“Made in China 2025” and “Make in India” are more than just catchy government slogans in 2025. They are the foundation of the future of global supply chains. China wants to be the leader in high-tech, and India is getting stronger with its PLI (production-linked incentive) programs. But the competition isn’t always a fight. In some important technology fields, it’s all about coming together, learning from each other, and having the same goals.
Ambitions Under the Microscope
Let’s begin with what each country aimed to accomplish. China’s “Made in China 2025” (MIC2025) was unleashed a decade ago to shift the nation away from low-cost production and into high-value tech manufacturing. The vision: dominate sectors such as electric vehicles, robotics, artificial intelligence, aerospace, green energy, and semiconductors. The playbook was well-funded, clear, and long-term in focus, supported by state backing, subsidies, and a ruthless pursuit of global market share.
India’s “Make in India” odyssey started with more expansive dreams. It spread its nets wide over 25 sectors, from auto parts to medical devices. The major thrust of the past five years has been the PLI initiatives with more than Rs 1.9 trillion of focused incentives for sunrise sectors such as electronics, EV batteries, solar panels, and special steel. The idea: cut imports, increase domestic value addition, and generate manufacturing employment.

Diverging Strengths: Where Each Excels
China’s high-tech industries advanced at lightning speed. It’s the global leader in electric cars, with Tesla beaten in sales by BYD, and it makes virtually all the world’s solar panels and a lion’s share of the world’s telecom equipment. The nation’s R&D expenditures are strong, patent applications are explosive (more than 4.7 million, compared with India’s 15,000+ in 2025), and its targeted clusters, such as Shenzhen, Suzhou, and Xi’an, drive continuous innovation.
India, however, is not pursuing China in all sectors. Its largest pick-up has been in electronics assembly and shipping. In Q2 FY2025-26, India surpassed China as the leading smartphone exporter to the United States, with both local and international brands increasing their investment in production clusters in Noida, Chennai, and Bengaluru. Solar production has also leaped, assisted by tariffs and local incentives, reducing China’s dominance in India’s solar sector from more than 90% just a few years back to 56% for cells.

Overlaps and Convergence: Learning in Action
Not all Indian success is about outcompeting China on its own terms. Rather, there’s a lot of convergence, particularly in value chains. For instance, as India produces and exports more smartphones, many higher-value components, such as semiconductors and display modules, continue to be sourced from China. In pharma, India leads generic drug exports but relies on China for more than 70% of active pharmaceutical ingredients.
There’s convergence, too, in policy learning. Experts attribute China’s strong public-private research ecosystem, long-term planning, and skills drive as the inspiration for India’s moves to improve its own R&D and workforce development. Various Indian PLI schemes now draw on China’s experience with cluster integration and targeted incentives for local supply chains.
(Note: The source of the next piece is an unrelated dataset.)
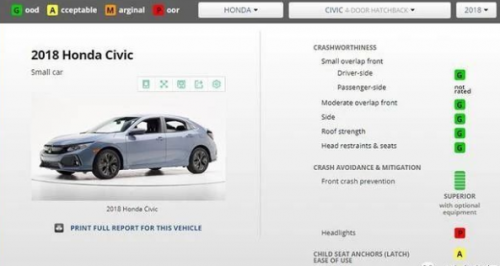 因为海外版没有途观L,所以我们选取了最新款途观的IIHS 测试成绩,和昂科威一样,同样是全G的成绩。而在国内的测试中,途观L的表现一般,在车内乘员和车外行人两个项目中只获得了M(及格)和A(良好)。东风本田思域

Where India Competes and Wins
Don’t confuse convergence with passivity. India is making inroads globally in areas such as IT services, governance-driven AI, and certain segments of specialty chemicals and automotive components. AI is a rapidly developing competitive space. While China leads in core research and “deep-tech” applications (such as facial recognition, smart cities, and military AI), India is leading in citizen-centric use cases and in using open-source models to localize health, governance, and agricultural solutions.
The figures support this. India has educated more than one million AI experts and seen foreign AI investment increase by 60% in 2025, driven by reliable frameworks and open regulation.

Lessons from Each Other
China’s model survives on interlinked policy, global-standard infrastructure, and extensive supply chain connectivity. India’s comparative advantage lies in open markets, a burgeoning youth population, rapid policy responsiveness, and a disposition to marry manufacturing with world-leading services. PLI schemes are beginning to take India up the value ladder. However, there is still much to learn from China’s highly integrated supply chains and R&D-oriented attack.
Both strategies offer lessons: China demonstrates the power of strategic and long-term vision, while India offers the advantages of open innovation and adaptive policy, particularly for emerging economies.
The Road Ahead: Clash or Convergence?
The most intense competition might still occur in “next-gen” domains such as semiconductors, renewables, and AI, but the tale of 2025 is one of edges blurring along the divide. Indian and Chinese businesses are already co-investing in certain sectors, learning from one another, and creating shared value chains in a world that’s becoming more regional, specialized, and interconnected.
If you’re watching the global manufacturing race, 2025 feels less like a clash in the classic sense. Instead, it’s a dynamic blend of rivalry, overlap, and even collaboration, an invitation for emerging economies to learn, adapt, and grow faster together.